朗施道:「哎呀,七傷之體,無法將龍氣修煉到高層,那他就更需要這枚葉信了,免得以後被人欺負,求告無門。」
古龍祥聽罷,腦瓜門上頓時現出三條黑線。朗施這話分明有潛臺詞哦。
柳飛拿著那枚葉信,只覺入手冰涼,且有一絲奇特的能量從上面湧入掌心,令掌心處的龍氣運動比先前有所提速,不由得暗暗驚奇,開口問道:「太師祖,這葉信到底是幹什麼用的?」
朗施道:「這葉信乃是一種通訊工具,只要你滴血認主,就可以和任何一個擁有葉信的人聯絡,不管這葉信的主人身在何方。」
「那不是跟手機一樣?」柳飛心道。
「而且,」只聽朗施繼續說道,「它還是一種靈氣儲存工具,可以收納天地靈氣,促進你的龍氣迅速增長。」
柳飛一聽大喜,道:「真的?」頓了頓,稚嫩的小臉上擺出狐疑和黯然的表情,又道:「可是,我是七傷之體,血龍又極難提升,現在我的龍氣才只有一龍,就已經感覺龍氣怎麼修煉都不再提升了,這東西真的能幫助我的龍氣增長麼?」
古龍祥忙道:「是啊朗前輩,這孩子乃是七傷之體,怎好浪費貴派葉信這麼寶貴的東西?就算有此物在手,他的龍氣也無法提升的。」心中不無憤恨地想:「我的兒子何等天才,都沒得到祖上先天高人賜下這種吸納靈氣之寶,你一個賤妓所生的野種,怎麼配?」
朗施道:「無妨。這東西給他,主要是讓他用來通訊,有什麼事可以找我或者風兒聯絡,免得他在外面出事。」
古龍祥一聲冷笑,道:「他是回家,又不是去冒險,能出什麼事呢?」
朗施道:「以防萬一嘛,我正天門的弟子個個都是寶,豈能任由他們在外面受辱或遭受迫害?」
古龍祥道:「前輩這話說得好莫名其妙,他堂堂陳家家主之子,誰會侮辱或迫害他?」
朗施道:「我說了,這是以防萬一。

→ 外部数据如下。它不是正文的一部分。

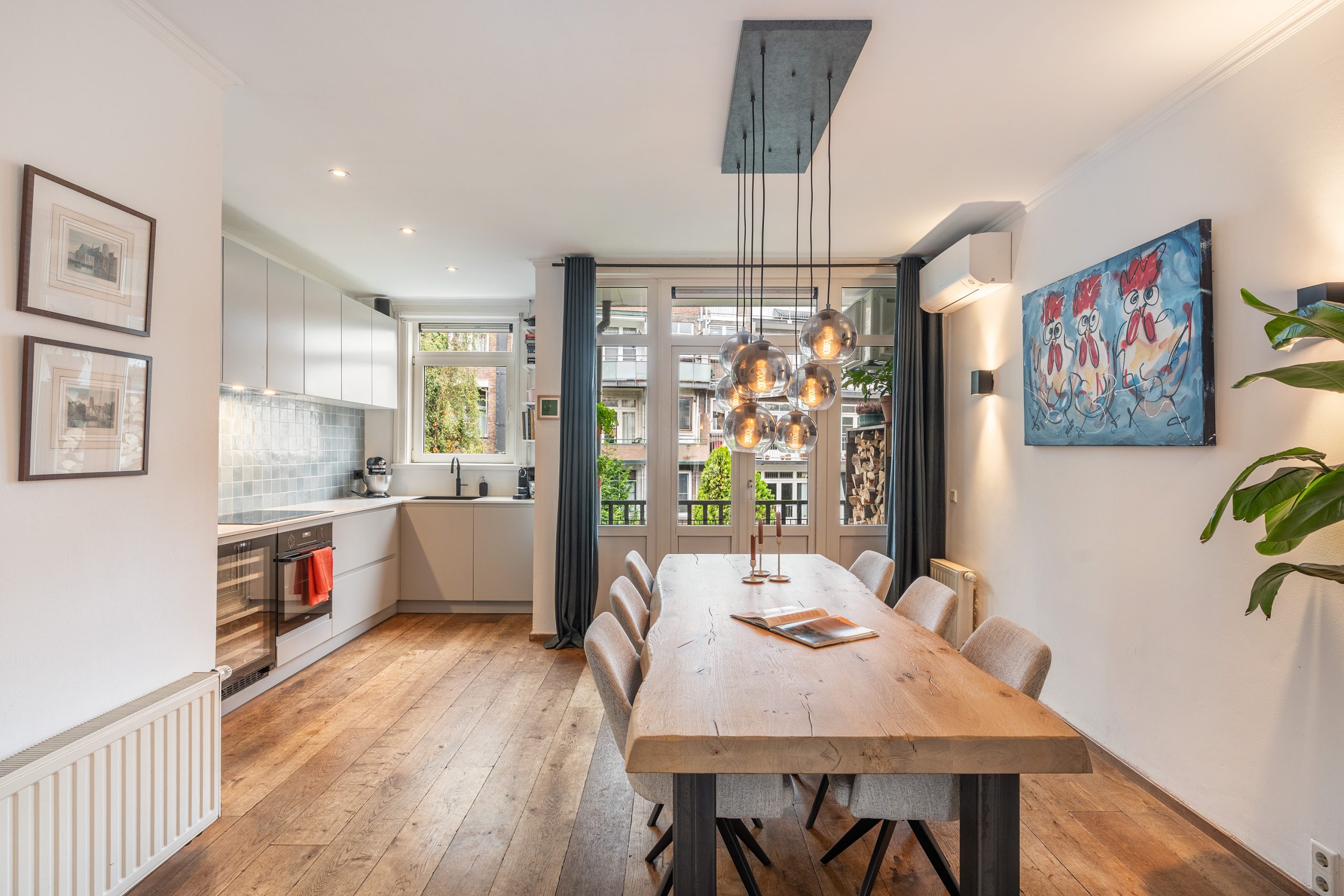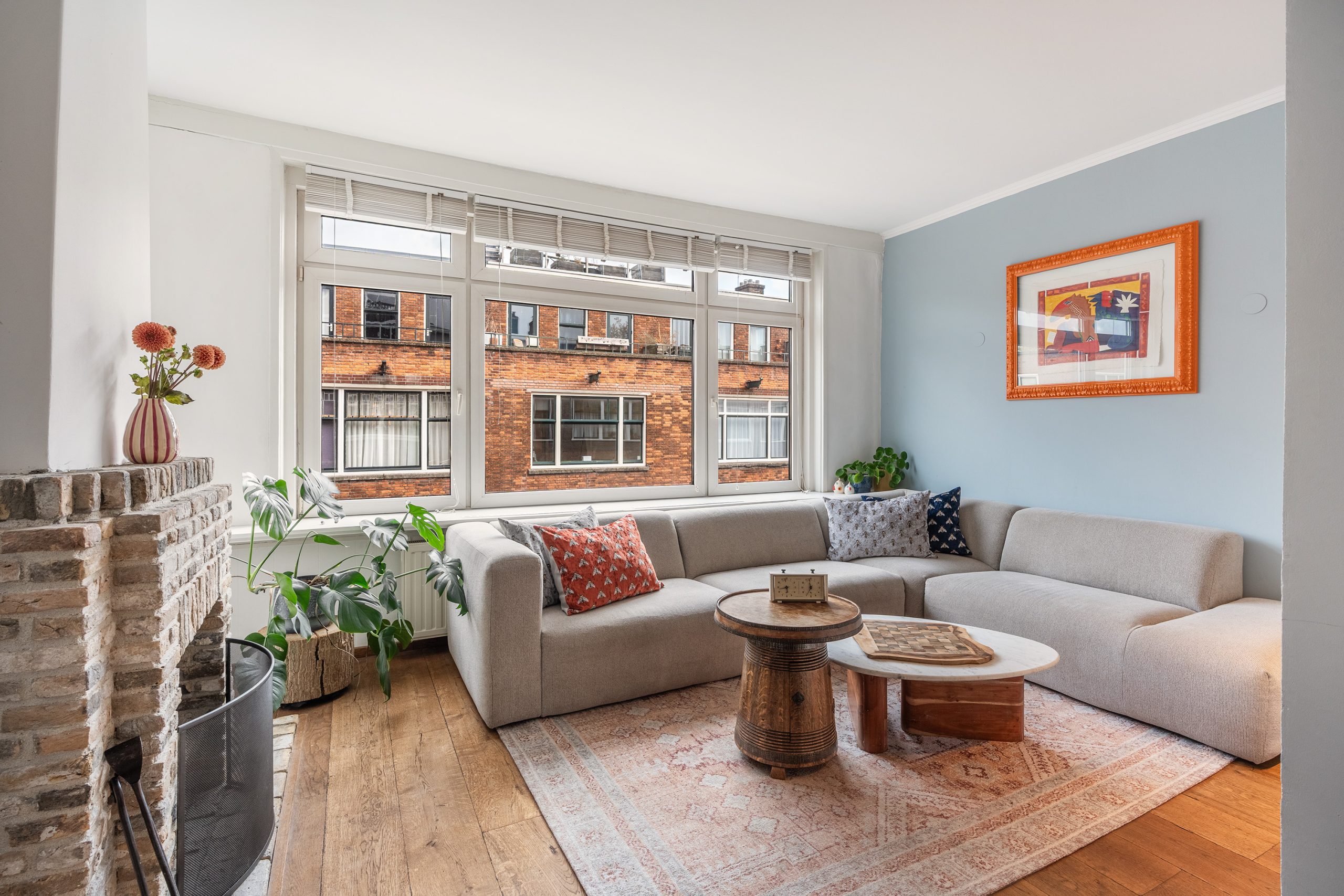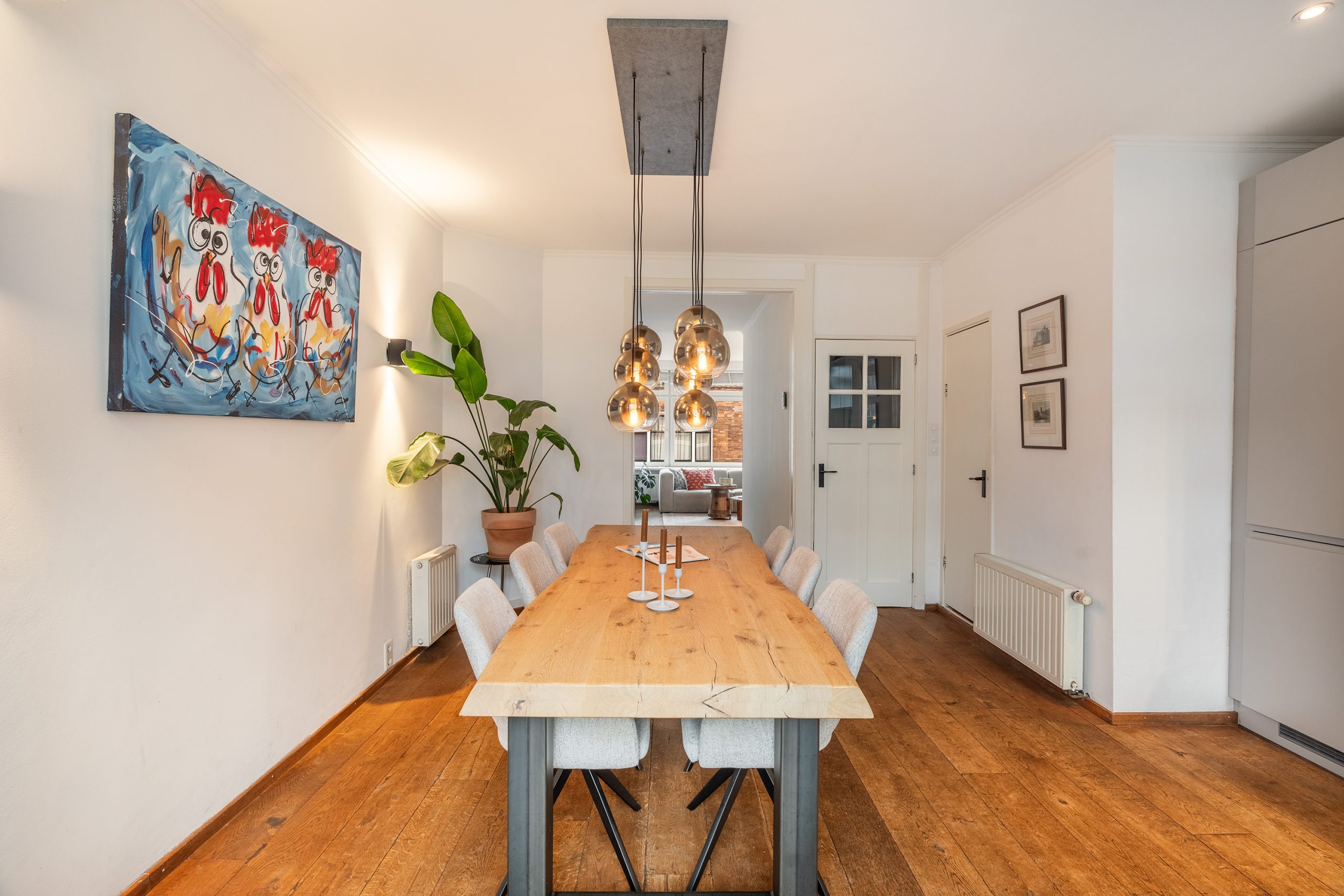 Via de overloop stap je het royale leefgedeelte binnen. Dit bevindt zich over de volle woonlengte en is opgedeeld in een zitgedeelte en een woonkeuken. Op deze manier gaan rust en gezelligheid hand in hand! Het geheel is bijzonder smaakvol afgewerkt met strak gestuukte wanden en een eikenhouten vloer: de perfecte combinatie van comfort en sfeer. Het zitgedeelte aan de voorzijde is voorzien van een nis met luxe inbouwspots, waarbij de (werkende) open haard met stenen schouw een karakteristieke stijl toevoegt en een warme, knusse ruimte creëert. Dankzij de open doorgang blijft het ruimtelijke gevoel behouden, terwijl de grote raampartijen volop natuurlijk licht binnenlaten, waardoor de ruimte uitnodigend aanvoelt. Aan de andere zijde bevindt zich de woonkeuken met genoeg plek voor een grote eettafel. De keuken is uit 2022 en heeft hippe wandtegels. Verder is de keuken uitgerust met een inductiekookplaat, ingebouwde afzuigkap, koel-vriescombinatie, combi-oven, wijnkoelkast en Quooker. De vaste kast biedt extra ruimte om bijvoorbeeld voorraad op te slaan. De openslaande deuren geven direct toegang tot het balkon, waardoor je hier in nauw contact met buiten staat. Door de ligging op het westen is dit de ideale plek om te genieten van de middag- en avondzon. In de hal bevinden zich het separate toilet en de trap naar de derde verdieping.

長公主,你很介意我這般疼愛我的曾孫麼?」
「這……」古龍祥一笑,道:「哪裡。我只是覺得,這孩子實力有限,將來的發展也有限,而且並未給貴派做出什麼貢獻,實在不適合收下貴派這麼寶貴的禮物。這讓我們陳家很過意不去啊。」
朗施道:「來日方長,長公主若是有心,他日正天門有難,古、陳兩家全力相幫也就是了。」
「我……」古龍祥頓覺無語,心道:「對一個沒有未來的七傷之體,正天門卻這般迴護,是不是你暗中囑意?」這般想著,不自覺看向陳蕭然。
陳蕭然閉目盤膝而座,正在療傷,似乎根本沒注意到外界的事。
古龍祥心中憤恨更重,但此時人多,她不好發作,只得先按下心中怒氣。
朗施那裡已經讓柳飛將葉信滴血認主。認主之後,那葉信便融入柳飛掌心之中,柳飛立時覺得方才那種奇特的能量開始在體內流轉起來,而且,似乎還有能量在不停地從外界湧入這片小葉子之中,當真奇特。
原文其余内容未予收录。